Figure 1. Typical damage to unreinforced masonry buildings that underwent partial or global collapse during the 2017 Lesvos earthquake (Lekkas et al., 2017; Reproduced with the permission of the authors). (A) The masonry failed under out-of-plane bending due to lack of a rigid diaphragm at the top. (B) The longitudinal masonry walls failed under out-of-plane bending due to their poor connection to the transverse walls. (C,D) Failures attributed to poor material properties and construction techniques.

Description of Geometry

The building studied covered an area of ~160 m², and had a rectangular layout with approximate dimensions of 18.5 × 8.5 m; therefore, the walls along one of the main directions were nearly two times longer than those in the other main direction. Therefore, lateral stiffness and mass were not symmetrically distributed. The building had three floors with heights of 2.9, 5.75, and 4.7 m with a roof 1.4 m high. Owing to the architectural requirement of daylighting, each wall consisted of several large openings with dimensions of 1.2–1.5 × 1.2–4.2 m, occupying ~45% of the surface of each wall. This, of course, reduced the strength of the walls. Their thickness varied from 0.50 m at the top to 0.80 m at the base. Photographs of the exterior of the building (façade) are shown in Figures 2A,B while a typical plan of the building is presented in Figure 2C.

FIGURE 2

Figure 2. (A) Front view, (B) rear view, (C) typical plan.

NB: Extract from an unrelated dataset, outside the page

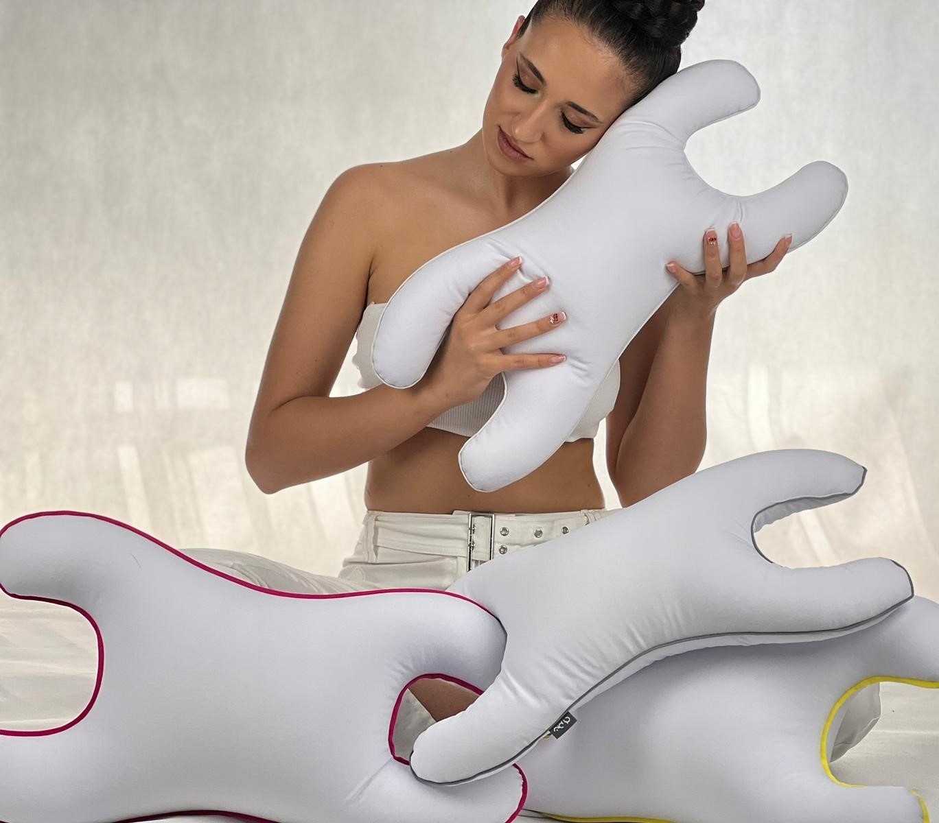 Подушка виготовлена ​​з білого матеріалу, обробленого сірим обрізанням. Різні кольори обрізки, показані на знімках із моделлю, призначені лише для диверсифікації фотографій.

Properties of Material and Structural Behavior

Material Properties

As is the case for most historical structures, sufficient information on the properties of the materials of the present masonry building was not available. Hence, tests were conducted by the contractor on samples taken from different locations of the building to assess the mechanical properties of the materials. More specifically, as shown in Figure 3A, six cylindrical masonry samples (see Figures 3B,C) were extracted from different locations and levels of the building which were then taken to the lab and subjected to monoaxial compression test. Three of these samples were also employed in order to estimate the compressive strength of the mortar. In addition to the laboratory tests, 12 Schmidt hammer tests were performed (their locations was not recorded) as well as four ultrasonic tests with their location presented in Figure 3A. A similar approach was used by Maraveas and Tasiouli (2015). Six core samples were extracted from various locations of the building's ground floor.

FIGURE 3

Figure 3. (A) Plan view with the locations where masonry samples were extracted (red colored) and ultrasonic testing was performed (blue coloreed), (B) masonry sample Λ1, (C) masonry sample Λ3.

The results of the aforementioned tests are summarized in Table 1 accompanied with the calculation of the average value and standard deviation of each testing. Specifically, the normalized mean compressive strength of the units in the direction of the applied action, f _b, and the compressive strength of the mortar, f _m, were defined as 43 and 1.19 MPa, respectively. Once these two properties have been obtained, the characteristic compressive strength, f _k and shear strength of masonry, f _νk0 can be easily calculated through equations provided in EN 1996-1-1 (2005).

TABLE 1

Table 1. Material properties determined by the performed tests.

Note that the tests characterized the mortar as weak. However, it should be mentioned that in some cases of historical masonry buildings, the equations described in EN 1996-1-1 (2005) may not be applicable due to peculiar block arrangement, aging etc. In this study, the state of the masonry blocks and mortar allowed the use of the provided in EN 1996-1-1 (2005).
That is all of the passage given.